Bitcoin, the world’s largest cryptocurrency by market capitalization, rose 9.89% from Jan. 20 to Jan. 27, to US$23,003 at 4:30 p.m. on Friday afternoon in Hong Kong. Ether gained 2.26% in the same timeframe, to change hands at US$1,582.
“The rally is driven by a broader sentiment in the financial markets. The belief is that inflation has peaked and the economic slowdown will force the Fed to soften its stance on interest rates. This might result in 1 or 2 quarters without any rate hike and help the general available liquidity in the market,” Dinesh Goel, founder of play-to-earn ecosystem One World Nation told Forkast in a LinkedIn message.
“This, however, is coupled with a looming fear of an impending recession. The mixed signals are prompting investors to divert a part of their wealth to gold or Bitcoin,” said Goel, adding that Bitcoin’s rally is also driven by investors who see it as a store of wealth.
Bonnie Cheung, head of strategy at Web3 communications protocol Sending Labs, attributes the crypto price rally this year to both macroeconomic factors and the removal of what she called crypto tourists.
“Aside from the macros, where inflation fearmongers seem to have taken a backseat, don’t forget that while the “crypto tourists” have disappeared largely as a result of all the fallouts from centralized crypto finance players, the builders never stopped building,“ Cheung said in an email.
Kasper Vandeloock, the chief executive officer of quantitative trading firm Musca Capital, says the Bitcoin rally is due to short positions being liquidated and the industry recovering from FTX’s collapse.
“As you can see in the screenshot linked below, there have been quite some large liquidations and open interest wipes. Besides that, tech [equities] has been having some slight recoveries which has a strong correlation to crypto,” wrote Vandeloock.
Polygon’s MATIC was the week’s biggest gainer among the 10 largest non-stablecoin cryptocurrencies, up 14.4% on the weekly chart, trading at US$1.08.
The global crypto market cap stood at US$1.05 trillion on Friday at 4:30 p.m. in Hong Kong, up 7.58% from US$976 billion a week ago, according to CoinMarketCap data. Bitcoin’s US$443 billion represented 42.37% of the market, while Ether took up 17.9%.
Smart contract blockchains gain
The Threshold (T) token was this week’s biggest gainer among the top 100 coins by market cap listed on CoinMarketCap, having rallied 129% to trade at US$0.050 after Coinbase added the token to its listings roadmap.
Aptos’ APT token was this week’s second biggest gainer, having rallied 118% to trade at US$17.69. Fantom’s FTM had the third-best performance, up 53.5% to change hands at US$0.46.
“Aptos has been doing a great job of speed-building a vibrant community and playing catch-up to early comers such as Solana, perhaps even replacing it as the new Ethereum killer,” wrote Cheung.
“However, if you have successfully rode through the last two crypto market cycles, you know the two things you will look at first are the market capital vs fully diluted valuation (currently at 15.86%, meaning ~85% of APT tokens are still locked up), and the most active exchanges where the token is traded, which for APT is surprisingly not Binance but Upbit, one of Korea’s largest exchanges. These two factors will help you gauge if the pump has a second act.”

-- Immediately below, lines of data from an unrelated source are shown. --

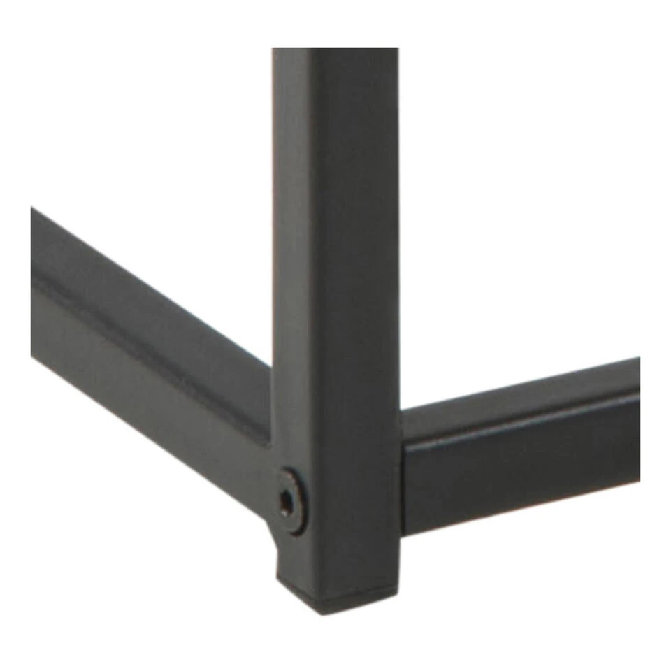 Maak je woonruimte af door dit moderne middenstuk toe te voegen. Licht in zijn constructie en uitstraling, kun je het meeste uit je ruimte halen met deze eigentijdse salontafel. Hij is geïnspireerd op industrieel design en heeft een zwart gepoedercoat metalen frame en een zwart tafelblad met houten structuur.
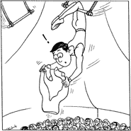 For the finale, Vladimir dressed me in the strongman suit and pushed me back into the ring. I was supposed to keep pace with a Brazilian showgirl, but somehow I got trapped outside the curtain and had to fish my way back through. People laughed at my comic brilliance.
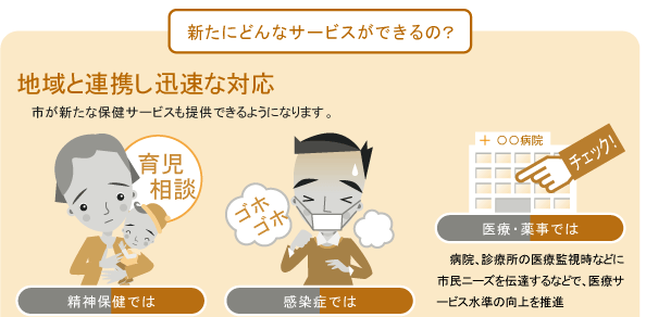 | 現在、市民の健康を守るための施策は県と市の分担で行われ、県が保健所の対人、対物保健サービスを、市が母子から高齢者までの健康診査、健康相談、健康増進、疾病予防などの対人保健サービスをそれぞれ担っています。一方、近年、少子高齢化、生活習慣病の増加、食の安全など保健衛生行政に対する市民ニーズが多様化しています。そこで、市では、保健所政令市へ移行し、より市民に身近なところで、きめ細かい保健サービスを総合的に提供していきたいと考えています。 |
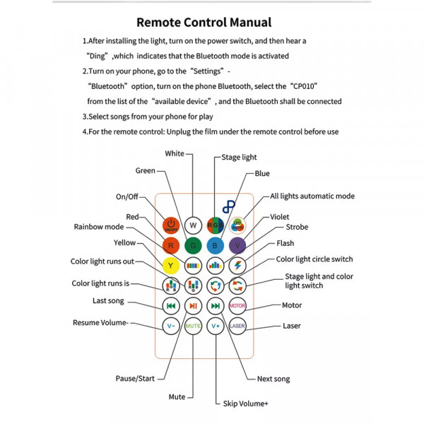 Нейните цветни светлини могат да бъдат сменяни според ритъма на музиката. Яркостта на лампата може да се регулира.

Vandeloock said it’s unclear what triggered Aptos’ rally, “but it later got a lot of traction from traders looking for volatility. Tens of millions of shorts also got liquidated in this leg up,” said Vandeloock, referring to the screenshot below that he shared with Forkast.
See related article: Cold comfort: Is Crypto Winter the right time to invest in Web3?
What’s in store next week?
Bitcoin’s relative strength index (RSI), a popular technical indicator for market analysts, reached 80 on the weekly chart, signaling that Bitcoin is “overbought.” One World Nation’s Goel said that investors should be mindful of this metric and that “we should expect price correction within the next 2 weeks.”
Vandeloock wasn’t quite on board with that view, saying that RSI is based on historical volatility and “at a moment of low volatility it adds little value to the overall events.” He said he does expect a downward move in the short term, but remains bullish in the mid to long term.
Goel said that investors should be mindful of the Federal Open Market Committee’s (FOMC) meeting at the end of January.
See related article: World Economic Forum’s digital asset head expects real-world blockchain adoption in 2023
“The trajectory of interest rates will govern the movement in the crypto market to a large extent. How the US government handles the FTX scam and the impending allegations against Binance will also play a crucial role in the overall market sentiment,“ Goel wrote.
Sending Labs’ Cheung said that the crypto market is entering the accumulation stage of the four-year Bitcoin halving cycle.
“We’re hitting that up-ramp part of the four-year halving cycle. In the past, around 18 months ahead of the halving is when price starts to build out the bottom. This time, the 18-month period started in September 2022, when it was trading around 19K-20K,” Cheung said.
(Updates to change Bitcoin price comparison period in deck.)